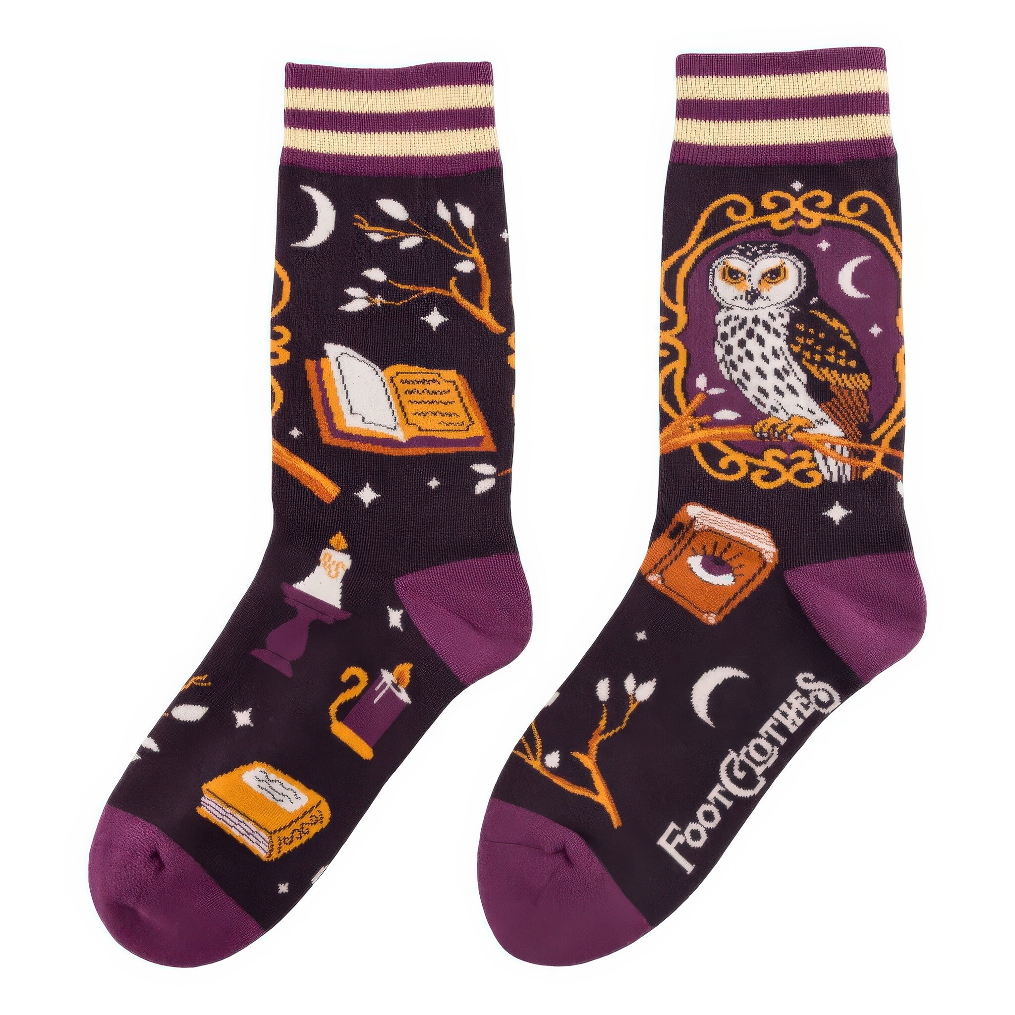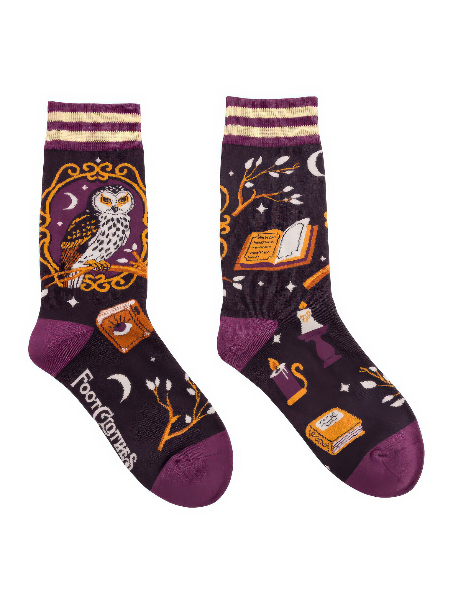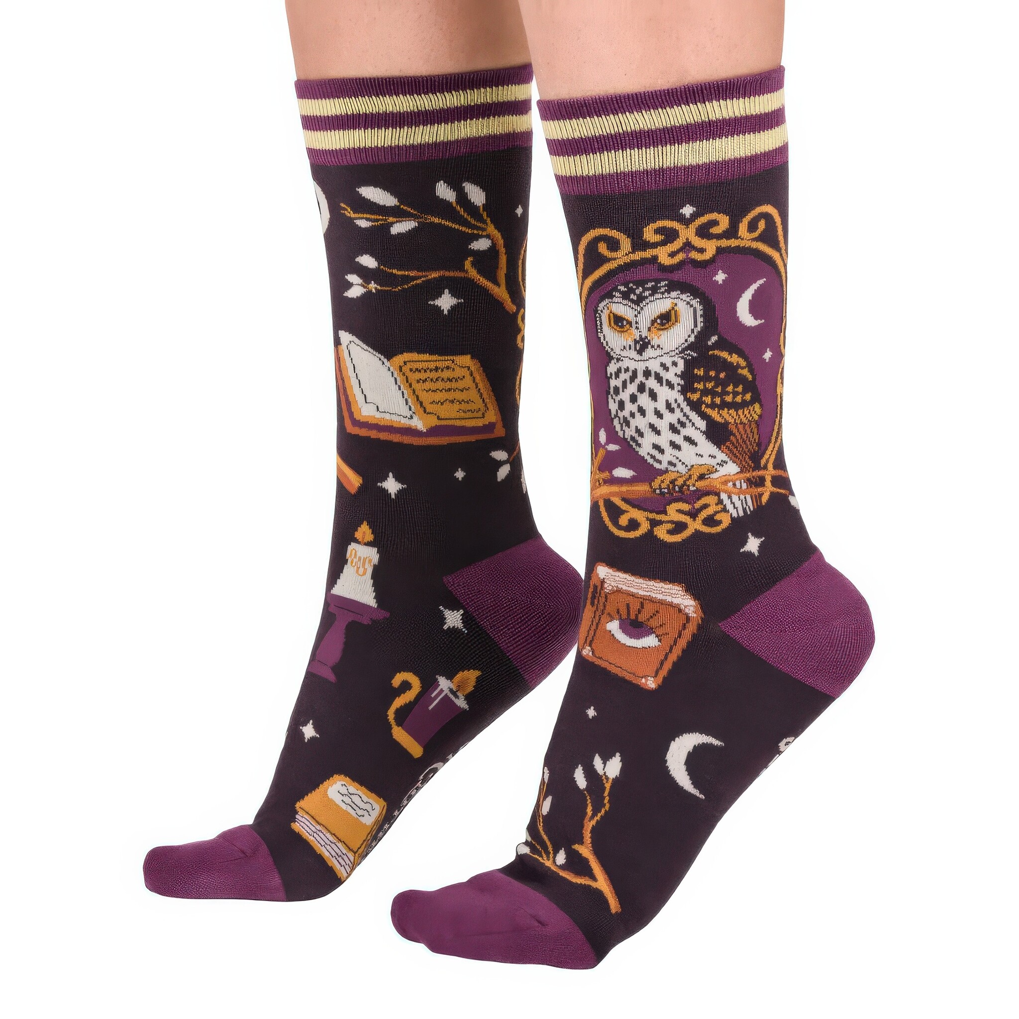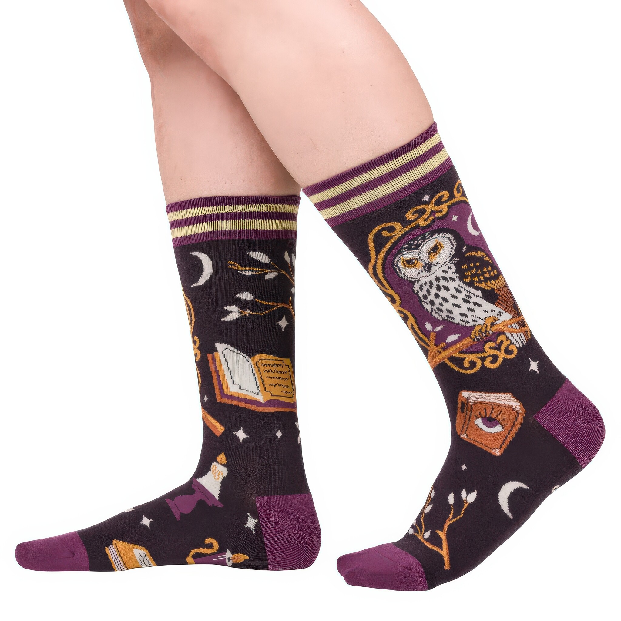Sokken met een uil in strenge portretstijl. Een scherpziende blik en klassieke outfit voor wie houdt van observatie en orde.
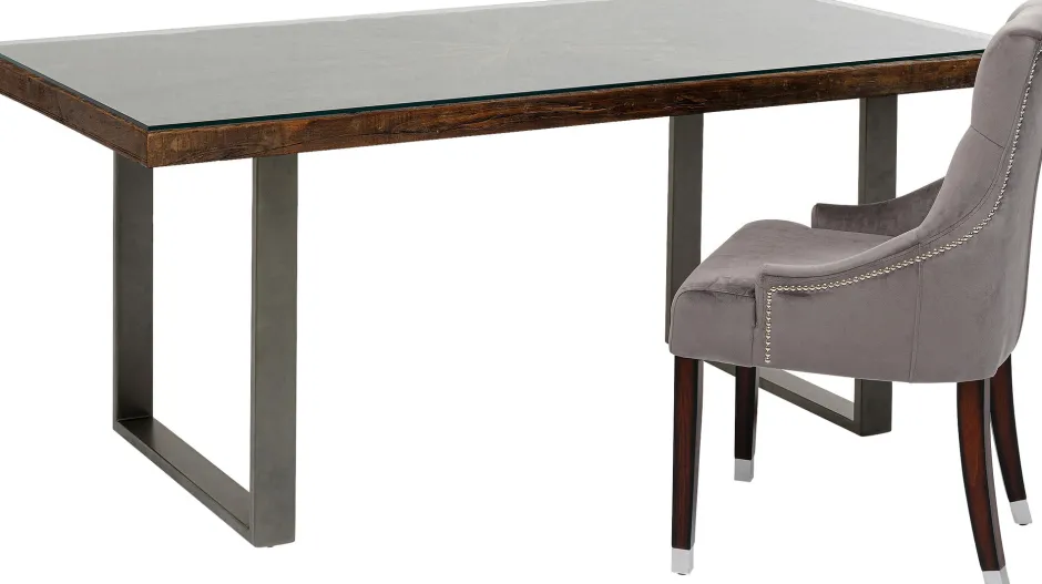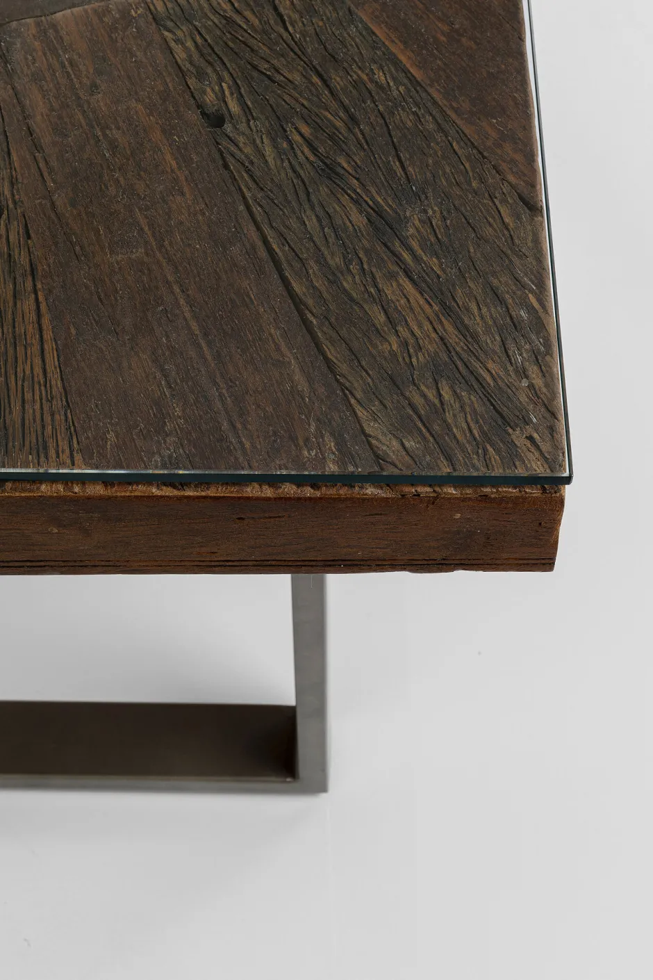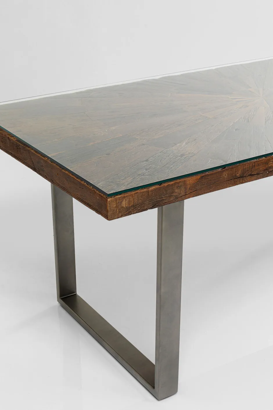 - Rechteckiger, dunkler Esstisch aus recyceltem Massivholz mit Glasplatte und Kufen in der Farbe Rohstahl
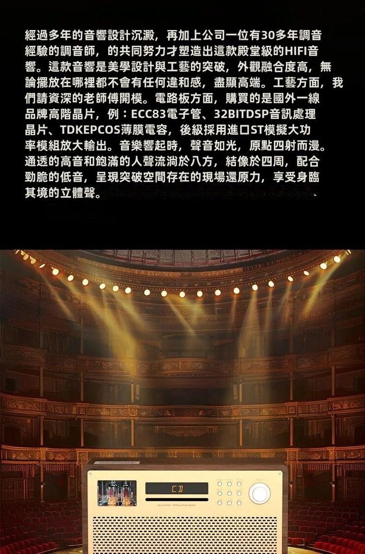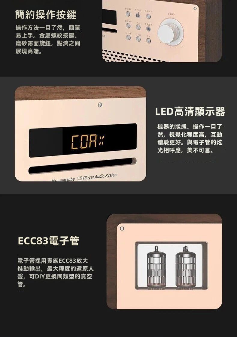 這款前膽後石播放器採用高品質木質箱體,結合專業電子管潤飾技術,為您帶來溫暖、細膩的音質表現。精細的工藝設計和高保真學設計確保音質純淨,音頻細節豐富。 HIFI左右音腔獨立設計,帶來更精準的音場分佈,呈現深沉而層次分明的音效體驗。
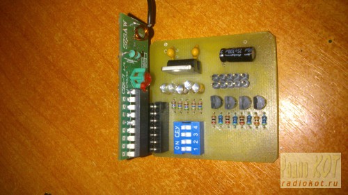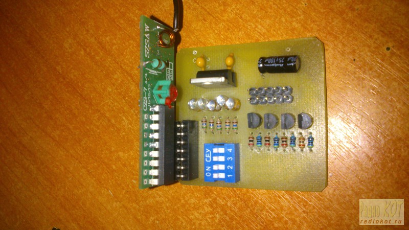 Автор: Сеьён и так начнем так как я и сам являюсь начинаюшим так что судить строго не стоит) заказал я в интернете пулт и приемник на 4 комнады с независимыми друг от друга выбор остановил на Приёмнике CZS-7M и пульте SYK200-4G.Рабочая частота: 433,92 MHz. а в качестве кодера применена микросхема KEELOQ HCS301. ![]() ![]() далее собрал так сказать драйвер управления нагрузками и питане платы приемника схемы нету т.к рисовал сам сразу в программе печатку вы найдете ниже кому сильно будет что то не понятно нарисую схему ) ![]() и так что мы тут видим питается эта плата от 12в на каждый канал подключен светодиод для определения входного сигнала. микро тумблеры можно не устанавливать они у меня для того чтобы включать отключать выходные транзисторы.Вход питания и выход сигналов осушьствляется через штырьки далее я нарисовал плату управления двигателем открывания и закрывания штор так же сразу из головы и так же без схемы) но я думаю все понятно ![]() ![]() конденцаторы установлены для управления временем удерживания реле проше говоря чтобы шторы успели полностью открытся или закрытся поэтому емкость подбираем сами) у меня например 1500mf реле на 12 вольт вход питания мотора находится на штырьках которые с права а выход на двигатель с лева. Когда будет включено одно из реле двигатель будет крутится в одну либо в другную сторону. питание этой платы у меня 38в т,к мотор у меня мошьный далее собрал плату управления светом тут получилось вообше все в каше и куче придумывал ее весь вечер дак чтобы и включение и выключение света осуществлялось нажатием только на одну кнопку пульта и вот что получилось ![]() ![]() судь в этой схемы в том чтобы она удерживала реле которое работает на нагрузке ну предположим на сет реле которое находится по середине перекрючает сигнальный провод в зависимости включена ли реле слева или выключена реле с лева удерживает и включает реле по середине этим самым водя напряжение на штырьки а реле которое находится слева выключает обесточивая оба реле и так в замкнутом цикле D вообщем сам не понял что нахимичил работает и рад) теперь поговорим о питании этой сзхемы два штырька которые по отдельность это вход питания 12В правый минус левй плюс а другие штырьки идут на питание реле которое будет управлять вашей нагрузкой на свет собрав все в кучу подключив питание все далжно заработать и выглядит это вот так вот ![]() Забыл сказать что питается все 3 схемы от разных источников !!!

● ● ●

Task objective: Repeat all of the material above exactly, leaving out pictures.

Written response:
Sokken met een uil in strenge portretstijl. Een scherpziende blik en klassieke outfit voor wie houdt van observatie en orde.
 - Rechteckiger, dunkler Esstisch aus recyceltem Massivholz mit Glasplatte und Kufen in der Farbe Rohstahl
 這款前膽後石播放器採用高品質木質箱體,結合專業電子管潤飾技術,為您帶來溫暖、細膩的音質表現。精細的工藝設計和高保真學設計確保音質純淨,音頻細節豐富。 HIFI左右音腔獨立設計,帶來更精準的音場分佈,呈現深沉而層次分明的音效體驗。
 Автор: Сеьён и так начнем так как я и сам являюсь начинаюшим так что судить строго не стоит) заказал я в интернете пулт и приемник на 4 комнады с независимыми друг от друга выбор остановил на Приёмнике CZS-7M и пульте SYK200-4G.Рабочая частота: 433,92 MHz. а в качестве кодера применена микросхема KEELOQ HCS301. ![]() ![]() далее собрал так сказать драйвер управления нагрузками и питане платы приемника схемы нету т.к рисовал сам сразу в программе печатку вы найдете ниже кому сильно будет что то не понятно нарисую схему ) ![]() и так что мы тут видим питается эта плата от 12в на каждый канал подключен светодиод для определения входного сигнала. микро тумблеры можно не устанавливать они у меня для того чтобы включать отключать выходные транзисторы.Вход питания и выход сигналов осушьствляется через штырьки далее я нарисовал плату управления двигателем открывания и закрывания штор так же сразу из головы и так же без схемы) но я думаю все понятно ![]() ![]() конденцаторы установлены для управления временем удерживания реле проше говоря чтобы шторы успели полностью открытся или закрытся поэтому емкость подбираем сами) у меня например 1500mf реле на 12 вольт вход питания мотора находится на штырьках которые с права а выход на двигатель с лева. Когда будет включено одно из реле двигатель будет крутится в одну либо в другную сторону. питание этой платы у меня 38в т,к мотор у меня мошьный далее собрал плату управления светом тут получилось вообше все в каше и куче придумывал ее весь вечер дак чтобы и включение и выключение света осуществлялось нажатием только на одну кнопку пульта и вот что получилось ![]() ![]() судь в этой схемы в том чтобы она удерживала реле которое работает на нагрузке ну предположим на сет реле которое находится по середине перекрючает сигнальный провод в зависимости включена ли реле слева или выключена реле с лева удерживает и включает реле по середине этим самым водя напряжение на штырьки а реле которое находится слева выключает обесточивая оба реле и так в замкнутом цикле D вообщем сам не понял что нахимичил работает и рад) теперь поговорим о питании этой сзхемы два штырька которые по отдельность это вход питания 12В правый минус левй плюс а другие штырьки идут на питание реле которое будет управлять вашей нагрузкой на свет собрав все в кучу подключив питание все далжно заработать и выглядит это вот так вот ![]() Забыл сказать что питается все 3 схемы от разных источников !!!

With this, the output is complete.